## Aim of the exercise
Leave the pictures out and give every entry again exactly.

## Data in this exercise
######
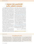 salute umana. È comunque ormai assodato che queste sostanze possono provocare alterazioni di svariati organi e sistemi dell’organismo umano come quello nervoso, endocrino, immunitario, renale. L’esposizione ai pesticidi comporta un in- cremento di cancro, diabete, patologie respirato- rie e cardiovascolari, disturbi della sfera sessuale disfunzioni metaboliche ed ormonali, malattie neurodegenerative e soprattutto danni al cervello.
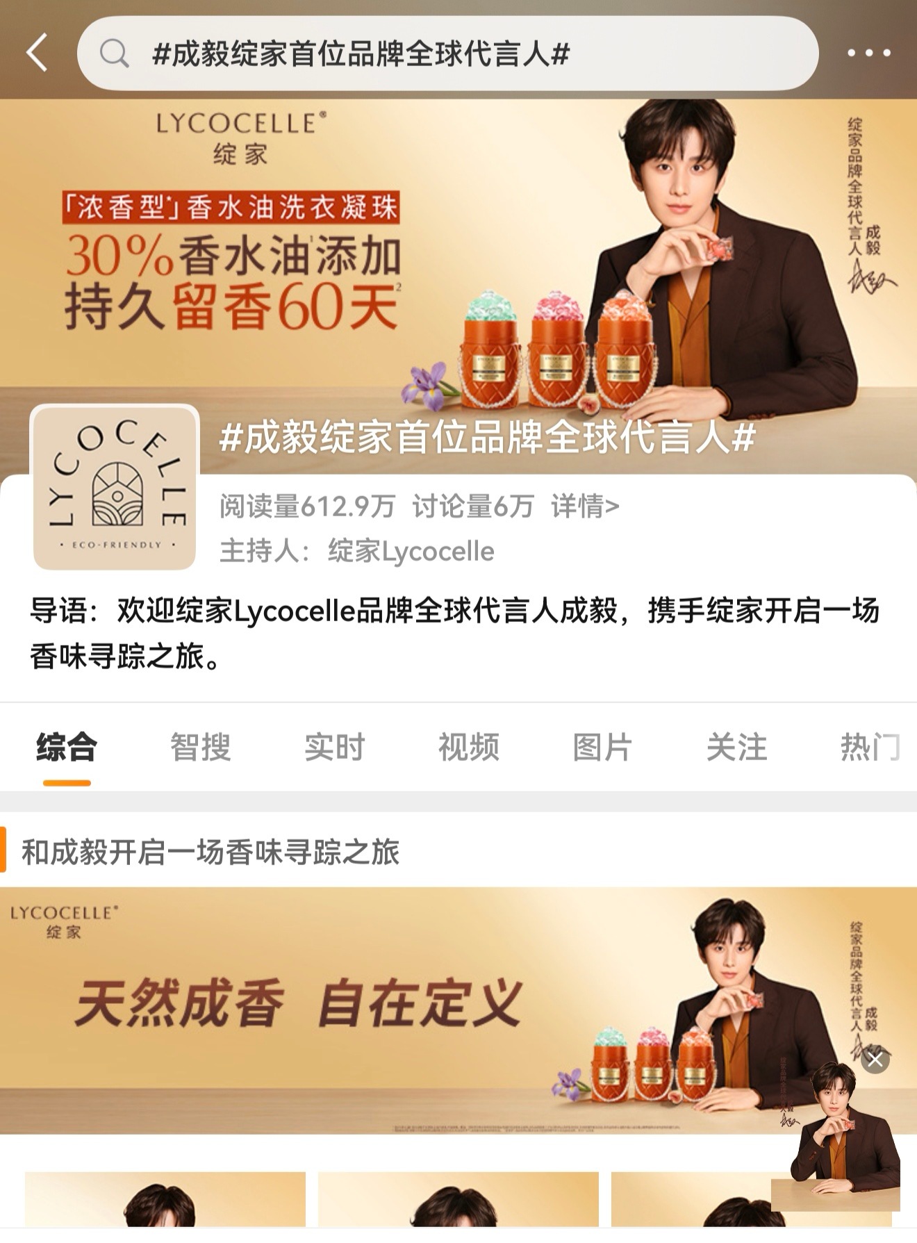 成毅绽家首位品牌全球代言人词条出来了,声量,星品先做起来,带词条发铁官宣立马切礼
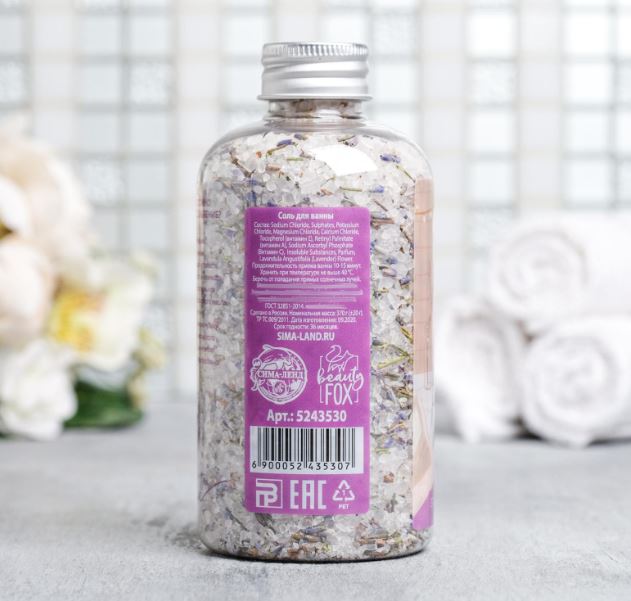 Состав: соль морская, аромамасло, парфюмерная композиция, краситель пищевой.
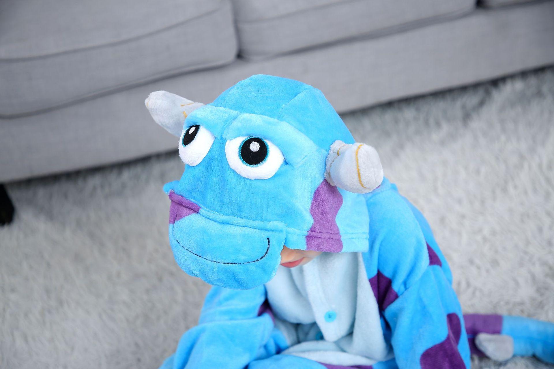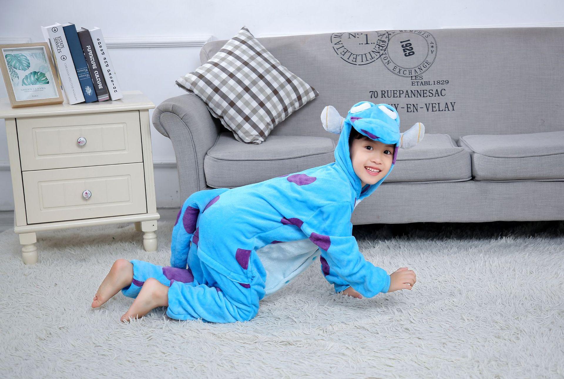 Novos pijamas siameses de desenho animado para crianças, pijamas de flanela azul Sullivan, pijamas casuais para decoração de casa, atacado
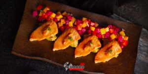 • หั่นเนื้อปลาแซลมอนเป็นชิ้นเต๋าขนาด 5 ซม. ใส่ถ้วย
######
## Exercise answer
 salute umana. È comunque ormai assodato che queste sostanze possono provocare alterazioni di svariati organi e sistemi dell’organismo umano come quello nervoso, endocrino, immunitario, renale. L’esposizione ai pesticidi comporta un in- cremento di cancro, diabete, patologie respirato- rie e cardiovascolari, disturbi della sfera sessuale disfunzioni metaboliche ed ormonali, malattie neurodegenerative e soprattutto danni al cervello.
 成毅绽家首位品牌全球代言人词条出来了,声量,星品先做起来,带词条发铁官宣立马切礼
 Состав: соль морская, аромамасло, парфюмерная композиция, краситель пищевой.
 Novos pijamas siameses de desenho animado para crianças, pijamas de flanela azul Sullivan, pijamas casuais para decoração de casa, atacado
 • หั่นเนื้อปลาแซลมอนเป็นชิ้นเต๋าขนาด 5 ซม. ใส่ถ้วย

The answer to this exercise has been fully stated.